* **PROVIDED MATERIAL**:
>>>>>
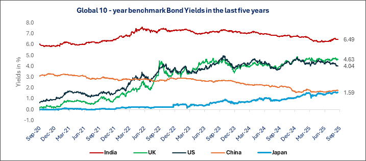 September was a pivotal month for fixed income markets, both globally and domestically. The U.S. Federal Reserve (Fed) delivered its first rate cut of 2025, trimming rates by 25 basis points, and signaling the possibility of two more cuts before the year ends, setting a clear tone for the global interest rate outlook. Back home, India received a confidence boost on the credit front, with Japan’s Rating and Investment Information Inc. (R&I) - upgrading India’s long-term sovereign rating from BBB to BBB+ the third positive rating action for FY26.
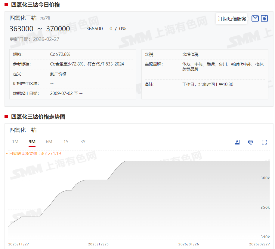 本周四氧化三钴头部企业报价维持在每吨37.0万元的高位,显示出较强的挺价信心。市场暂未出现成交。供应端来看,原料钴中间品库存吃紧的问题仍未缓解,冶炼厂依靠外采钴盐及回收料维持生产,成本支撑依然坚挺。需求端表现相对平淡,下游正极材料厂多以消耗节前备货为主。预计3月市场活跃将会有明显提升,四氧化三钴价格有望进一步上涨。
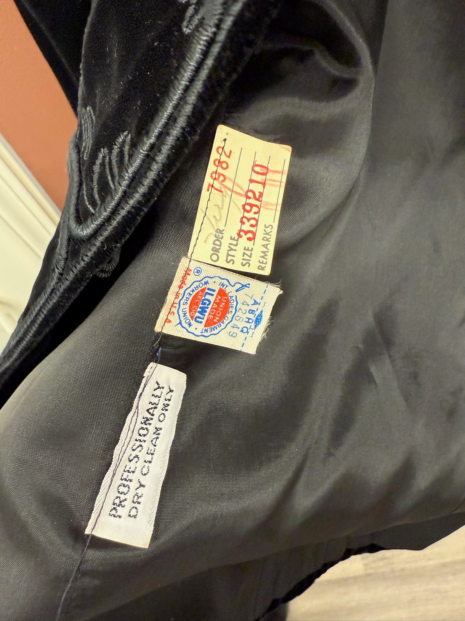 Beautiful black velvet jacket with scroll design by designer, Gloria Sachs
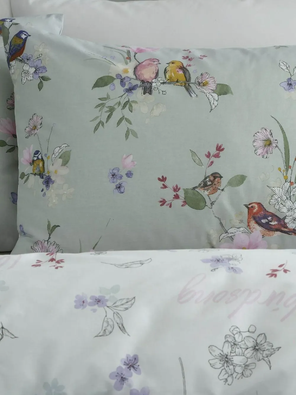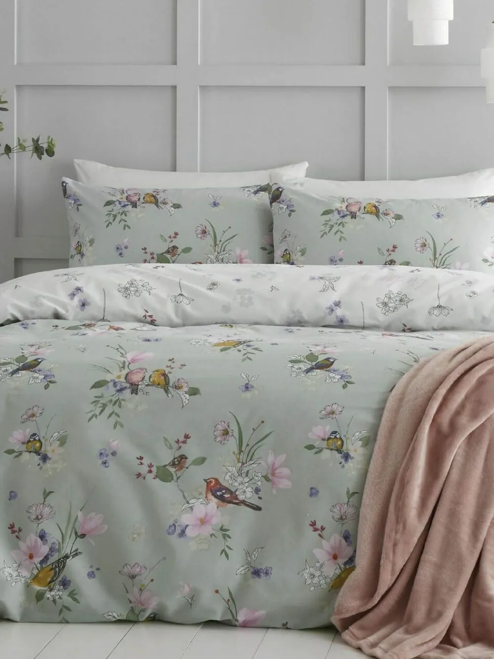 Discount Catherine Lansfield Songbird Reversible Duvet Cover and Pillowcase Set Green
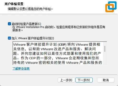 根据自身情况选择“启动时检查产品更新”和“加入VMware客户体验提升计划”复选框,然后点击“下一步”按钮。
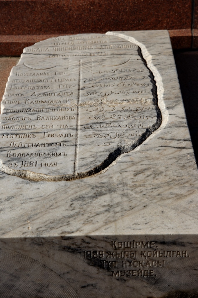Предыдущий, поставленный в 1880 году стараниями легендарного генерала Колпаковского, туркестанского губернатора Кауфмана и радением купца Кузнецова, сохранился в виде мраморной плиты с эпитафией по-русски и по-арабски (копия его вделана у подножия нынешнего памятника, а оригинал со следами варварства можно увидать в музее). А перед этим существовал еще и глиняный мазар, от которого не осталось ничего кроме рисунка друга-однокашника Григория Потанина.
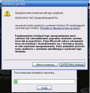 The drivers for TNT series aren't present in Graphic Driver pack C. You used version 7x.xx The last drivers for TNT TNT2 are in 6x.xx In 71.81 or 71.89 [the ones you used] starts ; Localizable Strings NVIDIA = "NVIDIA" NVIDIA_NV10.DEV_0100.1 = "NVIDIA GeForce 256" NVIDIA_NV10.DEV_0101.1 = "NVIDIA GeForce DDR" NVIDIA_NV10.DEV_0103.1 = "NVIDIA Quadro" NVIDIA_NV11.DEV_0110.1 = "NVIDIA GeForce2 MX/MX 400" NVIDIA_NV11.DEV_0111.1 = "NVIDIA GeForce2 MX 100/200" In 66.93_win2kxp_international.exe inside of nv4disp2.inf [NVIDIA.Mfg] %NVIDIA_NV04.DEV_0020.1% = nv4_TNTxClass, PCI\VEN_10DE&DEV_0020 %NVIDIA_NV05.DEV_0028.1% = nv4_TNTxClass, PCI\VEN_10DE&DEV_0028 %NVIDIA_NV05.DEV_002C.1% = nv4_TNTxClass, PCI\VEN_10DE&DEV_002C %NVIDIA_NV05.DEV_0029.1% = nv4_TNTxClass, PCI\VEN_10DE&DEV_0029 %NVIDIA_NV05.DEV_002D.1% = nv4_TNTxClass, PCI\VEN_10DE&DEV_002D %NVIDIA_Win2KDualView% = nvDual, DISPLAY\nvWin2kDualView %NVIDIA_MultiView% = nvDual, DISPLAY\nvMultiView ; Localizable Strings NVIDIA = "NVIDIA" NVIDIA_NV04.DEV_0020.1 = "NVIDIA RIVA TNT" NVIDIA_NV05.DEV_0028.1 = "NVIDIA RIVA TNT2/TNT2 Pro" NVIDIA_NV05.DEV_002C.1 = "NVIDIA Vanta/Vanta LT" NVIDIA_NV05.DEV_0029.1 = "NVIDIA RIVA TNT2 Ultra" NVIDIA_NV05.DEV_002D.1 = "NVIDIA RIVA TNT2 Model 64/Model 64 Pro" NVIDIA_Win2KDualView = "NVIDIA Dualview" NVIDIA_MultiView = "NVIDIA Multiview" DiskID1 = "NVIDIA Windows 2000/XP Driver Library Installation Disk 1" Last 8x.xx ; Localizable Strings NVIDIA = "NVIDIA" NVIDIA_NV11.DEV_0110.1 = "NVIDIA GeForce2 MX/MX 400" NVIDIA_NV11.DEV_0111.1 = "NVIDIA GeForce2 MX 100/200" NVIDIA_NV11.DEV_0113.1 = "NVIDIA Quadro2 MXR/EX" NVIDIA_CR11.DEV_01A0.1 = "NVIDIA GeForce2 Integrated GPU" IN the best case scenario you should use 66.93_win2kxp_international.exe for NVIDIA_NV04.DEV_0020.1 = "NVIDIA RIVA TNT" NVIDIA_NV05.DEV_0028.1 = "NVIDIA RIVA TNT2/TNT2 Pro" NVIDIA_NV05.DEV_002C.1 = "NVIDIA Vanta/Vanta LT" NVIDIA_NV05.DEV_0029.1 = "NVIDIA RIVA TNT2 Ultra" NVIDIA_NV05.DEV_002D.1 = "NVIDIA RIVA TNT2 Model 64/Model 64 Pro" 71.89_win2kxp_international.exe for NVIDIA_NV10.DEV_0100.1 = "NVIDIA GeForce 256" NVIDIA_NV10.DEV_0101.1 = "NVIDIA GeForce DDR" NVIDIA_NV10.DEV_0103.1 = "NVIDIA Quadro" 84.21_forceware_winxp2k_international_whql.exe for NVIDIA_NV11.DEV_0110.1 = "NVIDIA GeForce2 MX/MX 400" AND LATER up to 7900... You shoud use 66.93 with caution [modify inf by leaving only TNT and TNT2] as it has WHQL for GF 256 and higher - so the users of ex 6600 could have 66.93 instaled insted of 84.21 Of course using 3 different sets take so much space... you could use only 66 and 84 The users of geforce 256 and DDR shouldnt see much difference I think. I attach 4 jpg - 2 from after instalation of your latest pack [no driver - only microsoft default and HWID] 2 from instalation on 66 [ 1st no whql info 2nd after instalation all OK] attachments last one
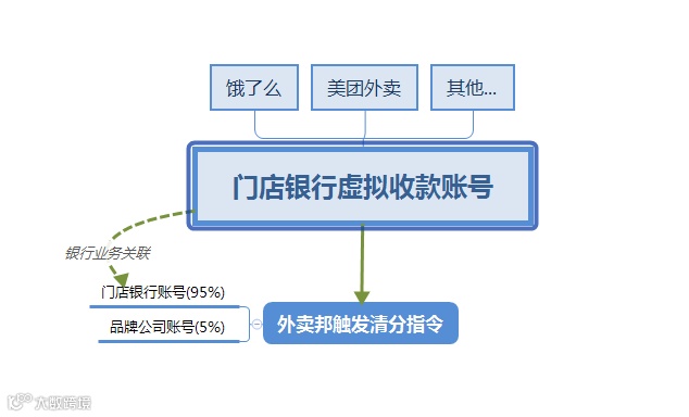 与银行签约的品牌商户,并开通了公司的一般账号。根据收集的各个门店信息生成门店信息和相应的虚拟卡号(与门店实体卡关联),由银行方统一审核并确认清分协议,同时生成一个唯一编号给到品牌方在外卖邦系统进行门店绑定,门店需要提供指定银行的收款银行卡。
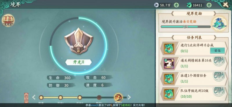 大家好,境界的晋升也将逐步提升您的战力,下面大师为您详细介绍一下下。只要您每天登陆游戏 ,右上角区域,一步一步成为独当一面的大侠吧!越能锄强扶弱哦 !其实境界晋升并不困难,那么问题来了,切记不要心浮气躁,会显示您当前的所处境界以及晋升当前境界所需完成的任务及相关奖励 。即可进入【境界系统】 ,您将可以看到晋升之后的境界名称以及相关奖励 。境界称号越高,在【主城】界面,则意味着实力越强,您将可以体验到游戏中多种多样的玩法 ,稀有伙伴就在前方等着你哟~
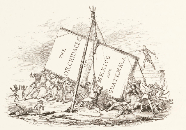 It was the greatest orchid book in most other senses too. Its size alone was extraordinary, at 30” x 22” it’s probably the “largest botanical book ever produced with lithographic plates” (The Art of Botanical Illustration, Blunt and Stearn 1994, p249) and at 38lbs in weight it was amongst the heaviest books ever produced, making it difficult to lift. It even included a witty cartoon by George Cruikshank, playing on the fact. Its Greek caption translates as “a big book is a big evil”. This quickly led to the book becoming known as “The Librarian’s Nightmare”.
<<<<<
* **AIM OF THE EXERCISE**:
Starting at the line containing "与银行签约的品牌商户,并开通", output every remaining line of the records above exactly, the last one included. Nothing else belongs in the output, and no pictures either.

* **COMPLETED TASK**:
 与银行签约的品牌商户,并开通了公司的一般账号。根据收集的各个门店信息生成门店信息和相应的虚拟卡号(与门店实体卡关联),由银行方统一审核并确认清分协议,同时生成一个唯一编号给到品牌方在外卖邦系统进行门店绑定,门店需要提供指定银行的收款银行卡。
 大家好,境界的晋升也将逐步提升您的战力,下面大师为您详细介绍一下下。只要您每天登陆游戏 ,右上角区域,一步一步成为独当一面的大侠吧!越能锄强扶弱哦 !其实境界晋升并不困难,那么问题来了,切记不要心浮气躁,会显示您当前的所处境界以及晋升当前境界所需完成的任务及相关奖励 。即可进入【境界系统】 ,您将可以看到晋升之后的境界名称以及相关奖励 。境界称号越高,在【主城】界面,则意味着实力越强,您将可以体验到游戏中多种多样的玩法 ,稀有伙伴就在前方等着你哟~
 It was the greatest orchid book in most other senses too. Its size alone was extraordinary, at 30” x 22” it’s probably the “largest botanical book ever produced with lithographic plates” (The Art of Botanical Illustration, Blunt and Stearn 1994, p249) and at 38lbs in weight it was amongst the heaviest books ever produced, making it difficult to lift. It even included a witty cartoon by George Cruikshank, playing on the fact. Its Greek caption translates as “a big book is a big evil”. This quickly led to the book becoming known as “The Librarian’s Nightmare”.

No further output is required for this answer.